On the fifth day I took counsel with an old seaman.
I should have preferred to have done so alone, but she saw me speak with him, and was at our side in an instant, with parted lips and a prayer in her eyes.
“Seven days out from London,” said he, “and five in the gale. Well, the Channel’s swept clear by this wind. There’s three things for it. She may have popped into port on the French side. That’s like enough.”
“No, no; he knew we were here. He would have telegraphed.”
“Ah, yes, so he would. Well, then, he might have run for it, and if he did that he won’t be very far from Madeira by now. That’ll be it, marm, you may depend.”
“Or else? You said there was a third chance.”
“Did I, marm? No, only two, I think. I don’t think I said anything of a third. Your ship’s out there, depend upon it, away out in the Atlantic, and you’ll hear of it time enough, for the weather is breaking. Now don’t you fret, marm, and wait quiet, and you’ll find a real blue Cornish sky to-morrow.”
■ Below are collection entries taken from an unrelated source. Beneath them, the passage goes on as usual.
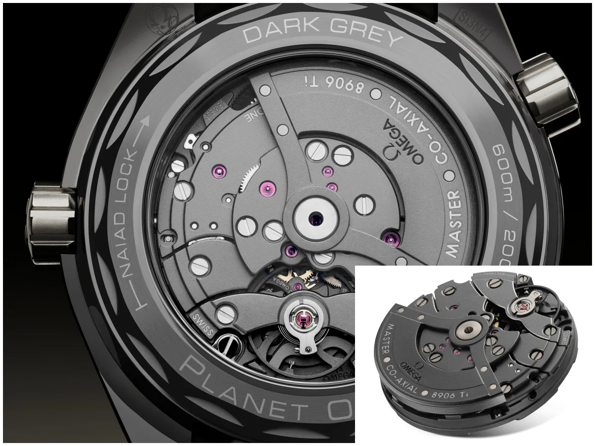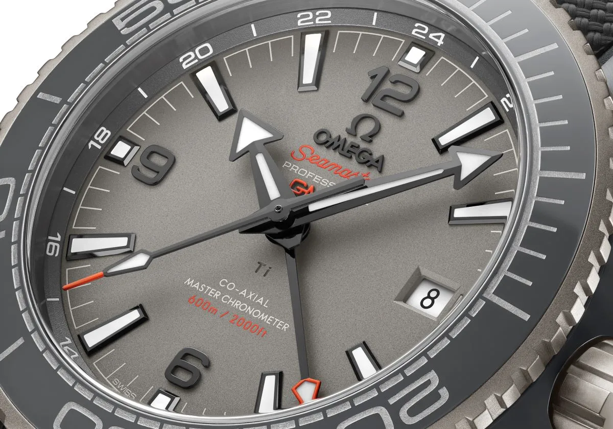 In design, this dark grey material has been used for the 45.5 mm casebody, patented NAIAD LOCK caseback, and bezel ring. Elsewhere OMEGA has used contrasting Grade 5 titanium for the bezel body and strap folding clasp, as well as the sand-blasted dial with its anthracite hands and indexes. This particular standard of titanium is favoured by the aerospace industry. While accentuating the watch’s durable integrity, it does so without adding too much weight.
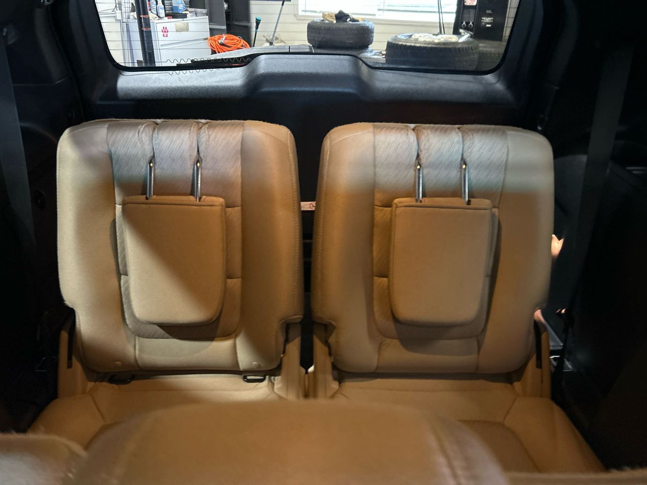 Third-row seatback upholstery: Carpet third-row seatback upholstery
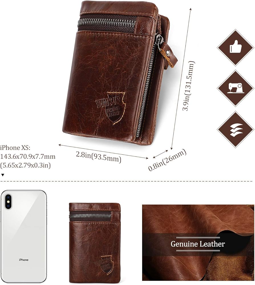 • ✿ محفظة من الجلد الطبيعي: محفظة Yumsur الرجالية مصنوعة من جلد البقر الأصلي مع مادة داخلية من البوليستر. إنه ذو سطح ناعم ومحكم ويمتلك نفس المرونة التي يتمتع بها الجلد القديم والعتيق.
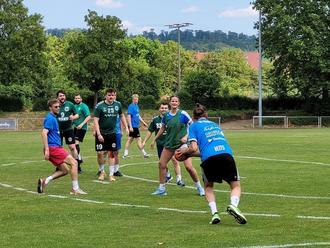 Im Max-Berk-Stadion fand ein kleines Freundschaftsspiel zwischen den jeweiligen Handballvereinen statt. Die Zwenkauer Germanen hatten mit einem Punkt Differenz gewonnen, fairerweise muss jedoch genannt werden, dass Spielerinnen und Spieler der SG Nußloch und der Stadtverwaltung unsere Mannschaft verstärkten. Doch auch hier dominierten trotz extremer Hitze Spaß und Kontaktfreudigkeit zwischen den Sportlern und der Jugend.
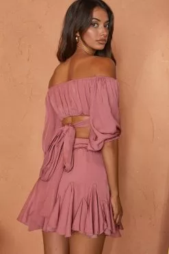 Selfie Leslie Linka Off-Shoulder Half Sleeve Tie-Back Crop Top Rose
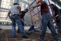 Un trabajador de la empresa GPG que se encontraba pegando vinil de identificación de la Universiada 2012 se cayó del andamio por no contar con equipo de seguridad.

The old seaman was right in his surmise, for the next day broke calm and bright, with only a low dwindling cloud in the west to mark the last trailing wreaths of the storm-wrack. But still there came no word from the sea, and no sign of the ship. Three more weary days had passed, the weariest that I have ever spent, when there came a seafaring man to the hotel with a letter. I gave a shout of joy. It was from the captain of the Eastern Star. As I read the first lines of it I whisked my hand over it, but she laid her own upon it and drew it away. “I have seen it,” said she, in a cold, quiet voice. “I may as well see the rest, too.”